Ça ne veut pas dire qu’elle les évite tous et qu’elle se contente de jaser de son nouveau vernis à ongles, bien au contraire.

«Je vais quand même en profondeur. T’sé, les chirurgies esthétiques, c’est sensible comme sujet. Il y a des gens complètement contre. J’ai quand même parlé de ma réduction mammaire, mais je le sais, comment le faire, pour ne pas choquer les gens. Avec le temps, j’ai appris comment approcher mon public.»

Et ça marche, affirme-t-elle.

«Jusqu’à maintenant, je ne me suis pas mis les pieds dans les plats, je ne provoque pas de controverse, je ne choque pas les gens. Je fais mes affaires, les gens aiment ça et ils me suivent.»

Quoi dire, que taire

Son statut de star des réseaux sociaux a aussi fait d’Alicia Moffet une candidate de choix pour les sites de potins. 

Une recherche Google nous permet d’apprendre rapidement qu’elle a publié par erreur une photo de son chum nu dans une story Instagram, qu’elle rénove sa nouvelle maison après avoir vendu son condo pour 250 000 $ et que son couple a eu besoin de répit.

Sa relation amoureuse constitue d’ailleurs un autre aspect de sa vie où la chanteuse sent le besoin de ne pas tout raconter à ses admirateurs.

«Je n’irai pas faire une story pour dire que je me chicane avec mon chum», tranche Alicia Moffet.

C’est quand même elle qui, récemment, a pris les devants et dévoilé, dans un message Instagram, que son couple traversait une période difficile.

«J’ai parlé que je faisais une mise au point avec Alex juste parce que les gens le demandaient vraiment, mais je n’ai pas parlé en profondeur des raisons de mes chicanes.

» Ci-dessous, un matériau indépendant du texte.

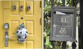 这类信箱极简到什么程度呢?门和信箱融为一体,一扇门就是一个信箱。在门外完全看不到信箱的实体存在,只能看到门上有一道横向或竖向的开口。一般人路过稍不注意几乎都会错过,以至于信箱主人都会在开口旁写上温馨提醒,告诉邮递员这个开口可以放信件、水电账单等。
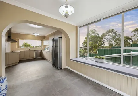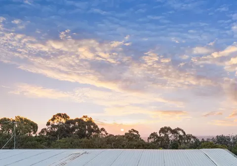 Set across two levels, the home offers multiple zones for relaxing, entertaining and family living. The upper level is the heart of the home, featuring a generous open plan living and dining area that flows onto a wide balcony, the perfect spot to take in the fresh hills air or watch the sun set over the treetops. The well-appointed kitchen offers plenty of bench and storage space, making it both functional and inviting. The meals area feels instantly welcoming, with a bench seat looking out to Anstey Hill Reserve, an ideal place to enjoy breakfast and watch kangaroos in the distance.

Je ne veux pas l’avis des gens là-dessus parce que je ne crois pas que ça les concerne, selon moi.»

De toute façon, la crise semble déjà chose du passé puisqu’Alicia a par la suite parlé de fiançailles avec son Alex dans un échange avec ses fans sur Instagram. 


UNE FILLE POPULAIRE   

Instagram : 398 000 abonnés        

Facebook : 53 400 abonnés        

Tik Tok : 122 800 abonnés        

Twitter : 15 200 abonnés               

«Billie, la plus belle chose qui m’est arrivée»        

Même si elle n’a que 22 ans et qu’elle doit apprendre à jongler avec son rôle de jeune maman et ses ambitions musicales, Alicia Moffet ne regrette pas une seconde d’avoir donné naissance à la petite Billie.

«C’est la plus belle chose qui m’est arrivée», s’enflamme Alicia Moffet à propos de sa fille maintenant âgée de 16 mois et en l’honneur de qui elle a intitulé son album Billie.

«La maternité m’a fait du bien, ça m’a recentrée. Je trouve ça facile, je suis tellement maternelle. Ma fille fait ses nuits depuis qu’elle a trois semaines. Je suis chanceuse.»

Autant que faire se peut, elle tente de séparer sa vie en deux. À la maison, c’est Billie. Quand Billie est à la garderie, c’est le travail.

Sauf que même au travail, Billie est toujours un peu là, avoue la jeune femme.

«La semaine passée, j’étais en studio un samedi, elle n’était pas à la garderie et je culpabilisais vraiment. J’ai décidé d’écrire sur Billie parce que je m’ennuyais.»

Après le titre de l’album, Billie aura donc sa chanson à elle.

«C’est pas quétaine. Juste une chanson cute qui s’écoute bien», dit maman Alicia.